Para neutralizar el carácter encubierto del tráfico de drogas y la logística de que dispone, se hace indispensable la coordinación y cooperación internacionales. En la actualidad, la dirección de la guerra contra este flagelo está a cargo de las Naciones Unidas.

Pese a todas las presiones e intereses en juego, el organismo internacional mantiene un criterio firme en la materia. En diciembre de 2000 la ONU celebró la Convención contra la criminalidad organizada, en la ciudad de Palermo, elegida como símbolo de la lucha contra la mafia. En esa ocasión, los delegados de 121 Estados firmaron el primer tratado políticamente vinculante para enfrentar el crimen organizado, con la finalidad de armonizar la legislación de todos los países.

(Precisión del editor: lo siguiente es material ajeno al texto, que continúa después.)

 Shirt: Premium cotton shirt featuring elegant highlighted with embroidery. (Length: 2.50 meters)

El Papa Juan Pablo II, resumió en una frase -pronunciada en la propia Colombia-, lo que implica el narcotráfico: “El tráfico de drogas es hoy lo que era el comercio de esclavos en el siglo XVII. Los tratantes de esclavos impedían a sus víctimas el ejercicio de la libertad. Los narcotraficantes conducen a las suyas a la destrucción misma de la personalidad” (10-7-86).

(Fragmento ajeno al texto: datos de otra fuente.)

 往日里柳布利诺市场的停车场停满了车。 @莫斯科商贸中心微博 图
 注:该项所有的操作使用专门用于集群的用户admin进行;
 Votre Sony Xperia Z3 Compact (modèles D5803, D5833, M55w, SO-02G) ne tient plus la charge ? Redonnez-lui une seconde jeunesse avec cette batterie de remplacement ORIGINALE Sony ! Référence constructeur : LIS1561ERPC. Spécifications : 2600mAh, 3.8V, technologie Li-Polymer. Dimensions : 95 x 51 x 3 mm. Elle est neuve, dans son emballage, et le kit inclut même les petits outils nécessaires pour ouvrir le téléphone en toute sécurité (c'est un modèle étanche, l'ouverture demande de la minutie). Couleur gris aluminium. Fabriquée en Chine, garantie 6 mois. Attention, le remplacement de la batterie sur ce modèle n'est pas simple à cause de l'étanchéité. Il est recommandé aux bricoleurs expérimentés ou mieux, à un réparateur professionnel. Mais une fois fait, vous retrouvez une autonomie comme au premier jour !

Esta reflexión nos lleva a abordar otra cuestión: lo negativo en sí de la drogadicción. Aún, suponiendo, que pudiera ser erradicado el tráfico ilegal, ello no evitaría que continúe existiendo el problema más grave, que es la utilización misma de la droga.

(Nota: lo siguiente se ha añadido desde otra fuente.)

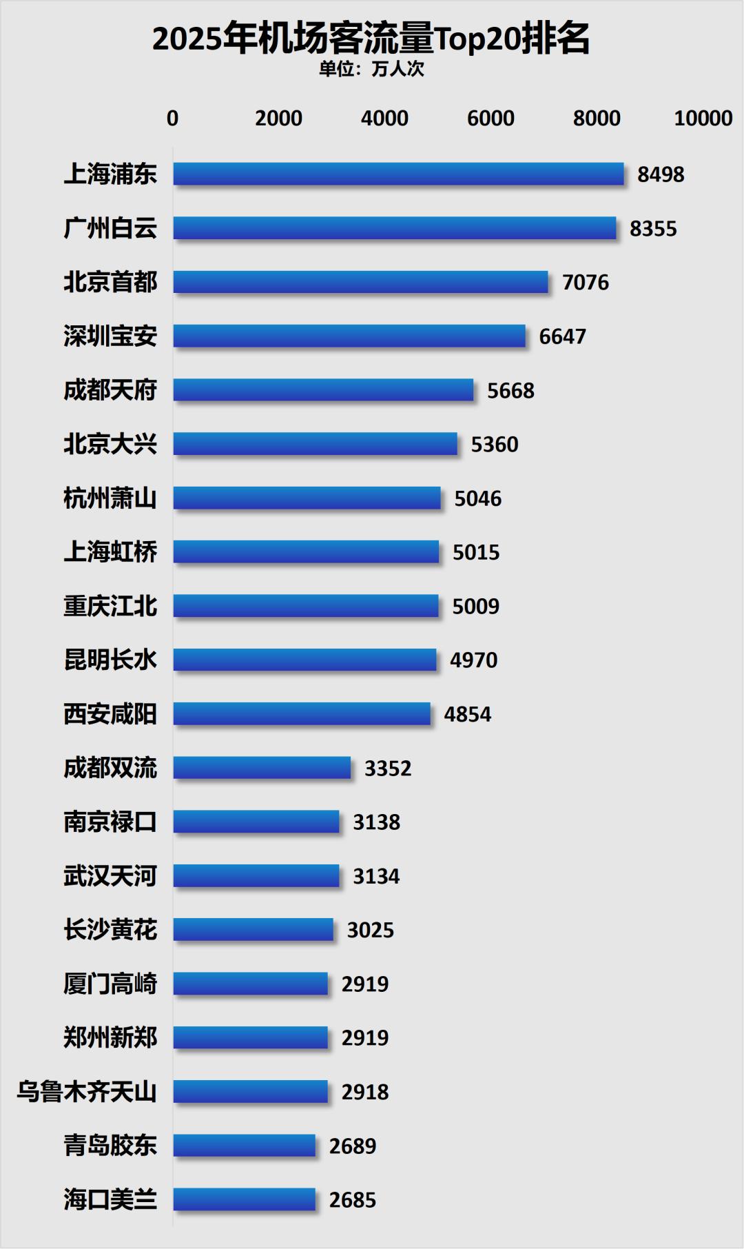 从数据可以看到: 第一,机场客流量位居前十的机场分别是上海浦东、广州白云、北京首都、深圳宝安、成都天府、北京大兴、杭州萧山、上海虹桥、重庆江北、昆明长 水。第二,从机场客流量排名,也可以看到各自的门户。 当今世界,承载流量的三大利器,一个是海港与内河港,一个是航空港,一个是陆路枢纽。 全球的人、财、物、信息、技术等,都是通过以上三大利器 实现流转。 流量的时代中,谁能成为流量引擎,谁就能赢得发展先机,或者说如虎添翼。 本篇文章要说的,就是航空流量争夺战的最新成果。 话不多说,数据先 上。 制图:城市财经;数据:民航数据分析系统 01 上海浦东、广州白云、深圳宝安、成都天府破纪录 北京是整个华北的门户,上海是华东的门户,广州是整个华南的门户,武汉是中部的门户,成都是西南门户,西安是西北门户。 以上几个城市的机场, 客流量均位居各自区域首位。 第三,2025年各大机场数据中,最大的亮点,莫过于上海浦东国际机场、广州白云国际机场双双登上8000万人次台阶。 2019年北京首都国际机场曾创下过10001万人次的历史纪录。 但当年北京大兴国际机场开通,开始分流首都国际机场,同时叠加之后的疫情影响,2020年 全国所有机 ...

Recordemos el concepto de droga: toda sustancia natural o sintética con capacidad de generar un efecto sobre el sistema nervioso central; generar una dependencia física o psíquica; y constituir un peligro sanitario y social. No puede negarse que el adicto es un enfermo, pero debe destacarse que la drogadicción también es un vicio- hábito negativo- y para los creyentes, un pecado; así lo establece el Catecismo de la Iglesia Católica (nº 2291).

Legalizar el consumo de drogas, sosteniendo que cada persona tiene derecho a decidir sobre su propia vida, implica ignorar que el adicto -palabra que proviene de “esclavo”- “no es consciente de sus actitudes autodestructivas y carece de la capacidad de actuar por el libre albedrío. Todo lo contrario, está enajenado y hasta que no se lo desintoxique no podremos contar con una parte suya capaz de colaborar con nosotros en su propio tratamiento.” “La drogadicción es un fenómeno humano contra natura” (2).

No puede descuidarse el hecho de que, además de las drogas ilícitas, se consumen distintos tipos de sustancias de venta libre o de fácil acceso. También es común la mezcla de alcohol con medicamentos, como el Viagra, que puede producir consecuencias graves en quienes la consumen (La Nación, 21-10-13).

Un experto en el tema, el Dr. Juan Alberto Yaría, que fue posiblemente el mejor funcionario dedicado a la prevención de este flagelo, expresa con firmeza:

“Entramos ya de lleno en la existencia tóxica como propuesta social. Dentro de este contexto de banalización de los conflictos humanos la droga es un objeto de consumo más. En la ética mercantilista, que descalifica cualquier marco objetivo de valores, la droga si es demandada debe ser ofrecida” (3).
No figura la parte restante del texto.